What you should do: Locate the line containing "광장일보 주재영 기자" in the material below. Copy that line and all following lines through the end exactly, omitting any pictures.

Exercise data:
##########
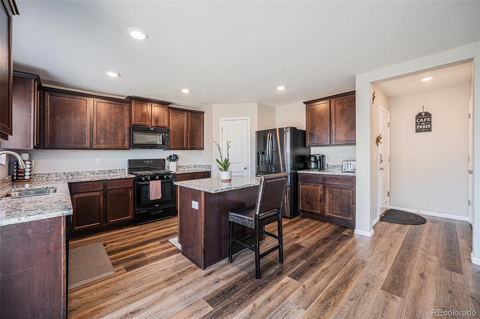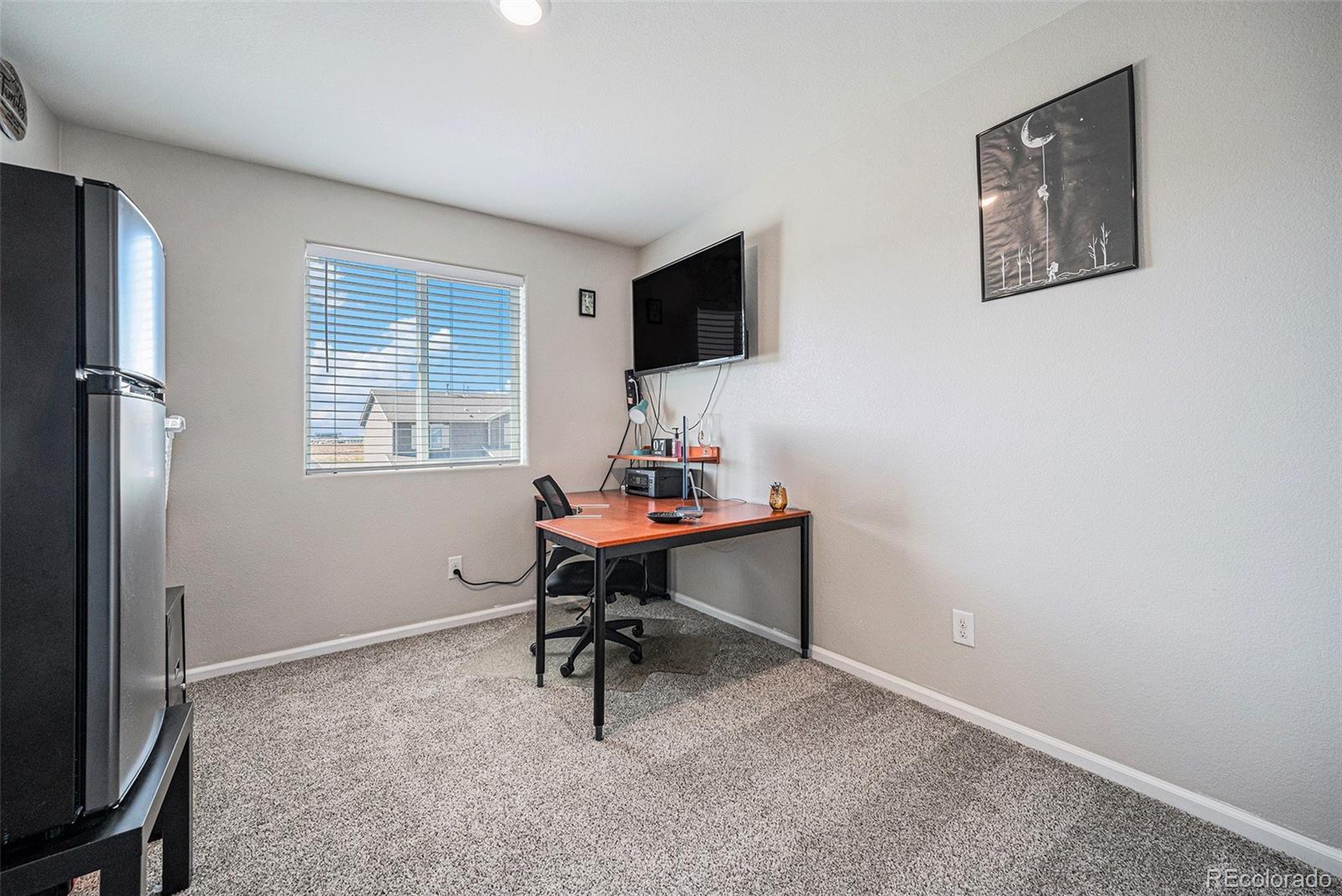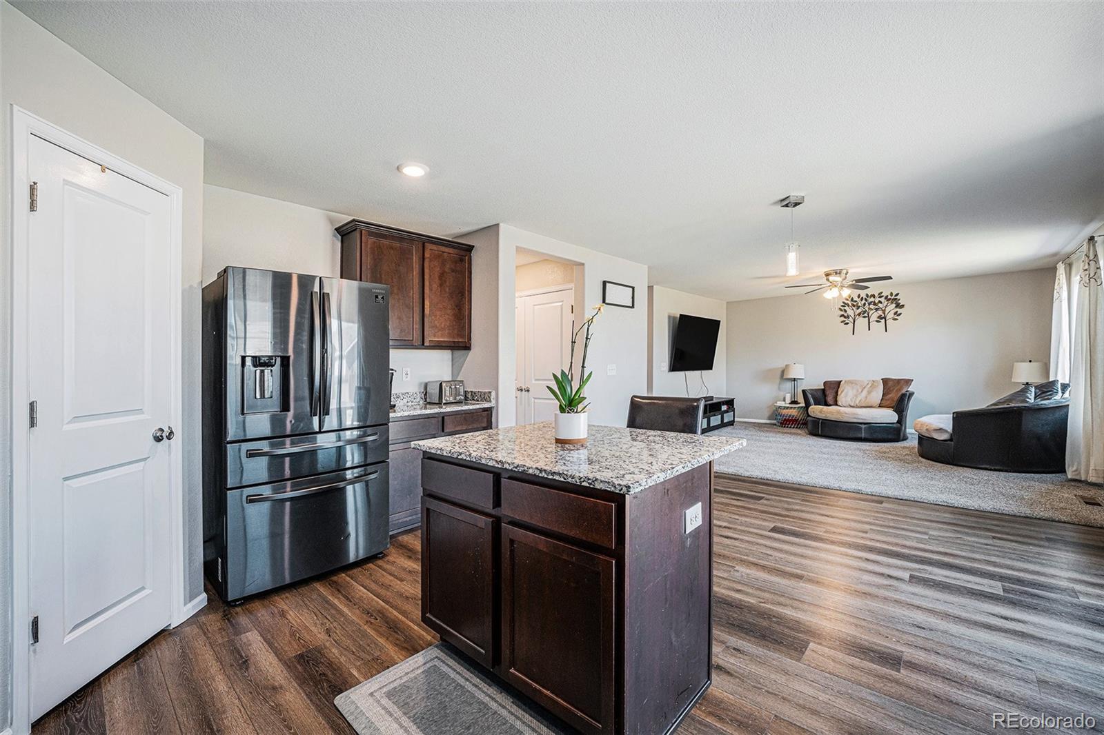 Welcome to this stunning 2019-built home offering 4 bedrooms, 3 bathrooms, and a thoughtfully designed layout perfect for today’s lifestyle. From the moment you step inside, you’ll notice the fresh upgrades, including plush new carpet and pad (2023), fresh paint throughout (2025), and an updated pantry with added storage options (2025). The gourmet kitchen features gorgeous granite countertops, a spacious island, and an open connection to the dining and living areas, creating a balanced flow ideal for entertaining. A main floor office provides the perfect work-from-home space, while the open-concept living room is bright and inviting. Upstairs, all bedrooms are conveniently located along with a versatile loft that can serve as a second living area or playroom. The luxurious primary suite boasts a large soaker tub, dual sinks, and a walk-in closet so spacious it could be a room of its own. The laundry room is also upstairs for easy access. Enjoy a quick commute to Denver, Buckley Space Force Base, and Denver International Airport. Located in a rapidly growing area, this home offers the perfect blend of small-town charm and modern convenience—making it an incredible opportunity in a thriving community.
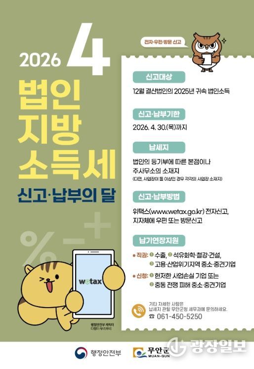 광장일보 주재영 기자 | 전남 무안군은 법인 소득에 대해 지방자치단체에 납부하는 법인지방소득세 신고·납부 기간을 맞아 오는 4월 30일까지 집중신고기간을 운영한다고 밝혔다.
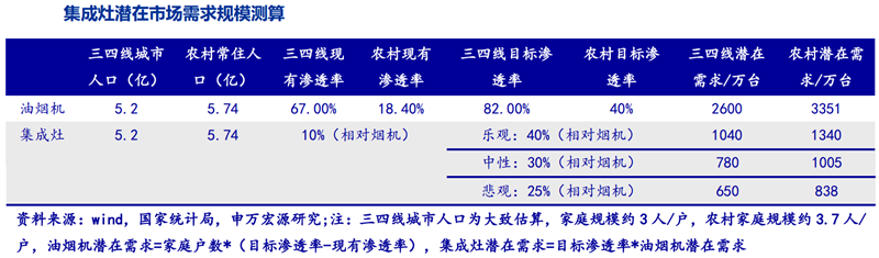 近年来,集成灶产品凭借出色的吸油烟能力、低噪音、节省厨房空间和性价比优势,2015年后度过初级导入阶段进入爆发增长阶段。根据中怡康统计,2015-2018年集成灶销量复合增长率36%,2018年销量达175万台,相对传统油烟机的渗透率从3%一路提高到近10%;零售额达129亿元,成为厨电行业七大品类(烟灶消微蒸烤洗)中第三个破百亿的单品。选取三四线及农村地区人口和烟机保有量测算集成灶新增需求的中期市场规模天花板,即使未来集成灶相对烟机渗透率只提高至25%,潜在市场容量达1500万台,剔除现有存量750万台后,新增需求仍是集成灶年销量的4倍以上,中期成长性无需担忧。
##########
Result for this exercise:
 광장일보 주재영 기자 | 전남 무안군은 법인 소득에 대해 지방자치단체에 납부하는 법인지방소득세 신고·납부 기간을 맞아 오는 4월 30일까지 집중신고기간을 운영한다고 밝혔다.
 近年来,集成灶产品凭借出色的吸油烟能力、低噪音、节省厨房空间和性价比优势,2015年后度过初级导入阶段进入爆发增长阶段。根据中怡康统计,2015-2018年集成灶销量复合增长率36%,2018年销量达175万台,相对传统油烟机的渗透率从3%一路提高到近10%;零售额达129亿元,成为厨电行业七大品类(烟灶消微蒸烤洗)中第三个破百亿的单品。选取三四线及农村地区人口和烟机保有量测算集成灶新增需求的中期市场规模天花板,即使未来集成灶相对烟机渗透率只提高至25%,潜在市场容量达1500万台,剔除现有存量750万台后,新增需求仍是集成灶年销量的4倍以上,中期成长性无需担忧。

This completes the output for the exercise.